Hacker News new | ask | show | jobs
by catapart 832 days ago
Yeah, this is a really tricky space to delve into because the people who are most familiar with it are working on mathematical models and have very strong opinions about the "kind" of graph you're making, or what you're actually doing with the underlying data. Which is all definitely important for a node library maker to know, but the whole purpose of the library is that an implementing dev shouldn't have to know any of that stuff. So you really have to dig through a lot of irrelevant stuff about graph theory and whatnot to get to any relevant programming knowledge on the topic.

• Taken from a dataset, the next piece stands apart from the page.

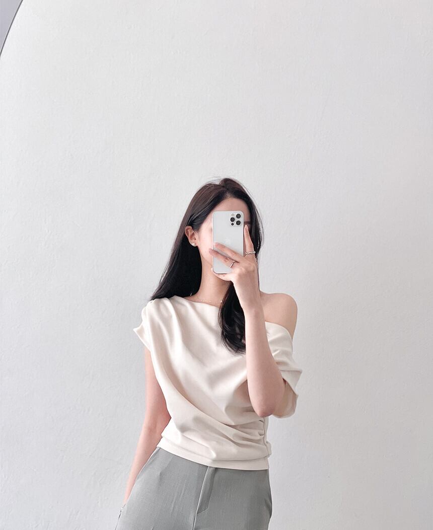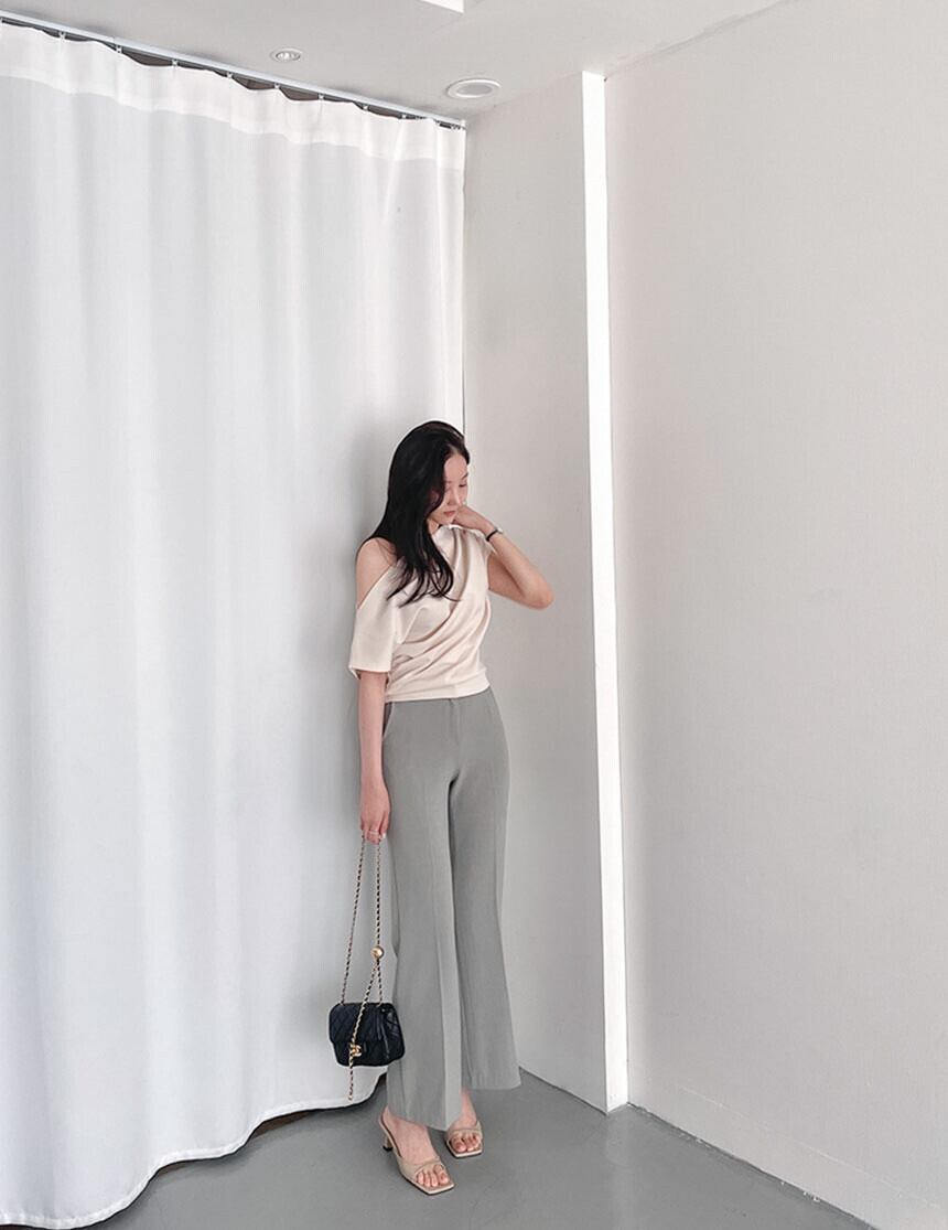 パイルカラーオフショルダークロップトップオフィスレディブラウススリムプリーツピンクシャツフレンチシャツ 会社 学校 通勤や通学にも

What's galling to me is that nodes map 1-1 to function calls. I can't even think of a scenario where a program that can be written as functions and objects couldn't be represented as a node graph. I can certainly shudder at the horrific types of graphs most programs would make, but they can all be mapped out. And, on the flip side, every single program I've written in visual scripting could easily be written as functions and objects. So, with that in mind, it's frustrating to go looking for information about node graphs and getting a bunch of muck about why they're 'not good', and why they don't handle certain things well, and why they aren't suited for x or y, when - in my head - I'm literally just asking for a well-formed API, and I'm getting a bunch of pushback about how APIs aren't really a good way to program. -_-

But because it's so hard to get good comparative information on visual scripting, I've also wrestled with what makes for good abstractions vs what is too broad. And that's what I think the Node Red stuff is: just too broad. Abstracting away everything breaks the value of the abstraction. So it's always about finding a balance, which is why I appreciate Epic's maintenance of Blueprints. A good API abstracts concepts you don't need to understand behind concepts you already understand. "GetDistance()" is a great abstraction because I don't care about the vector math underneath. But "Login()" is a terrible abstraction because a library shouldn't have the intimate details of my login process (meaning that it should be abstracted into more modular parts that I can more easily inject my business logic/keys into). So a node, or a library of nodes, or a node library system - they're all only as good as their abstractions. And Node Red is just way too abstracted to be "good". And, of course, the irony there is that if it were only a little more flexible, it could even be abstracted, itself, into something more use-able! If you could write a node that DID accept two inputs, you could abstract away all of the setting and swapping and trading. But since even that node could only ever be kick started by a single node, you would have to come up with some kind of hacky scheme to make any kind of utility actually function. So it's the one type of abstraction that they don't allow (their node model) which I find to be fundamental to successful visual scripting languages.

Honestly, though, I think there are some fundamental designs that visual scripting languages just need to implement, but I have a very hard time describing those designs with rigor. I would naively say that they need nodes, edges, a variable deck, a node discovery utility, and a good variable property manager. But that's just because that's what I'm used to. I think once someone really serious sits down to formalize these things, we'll have a much richer environment. I just hope they do it soon!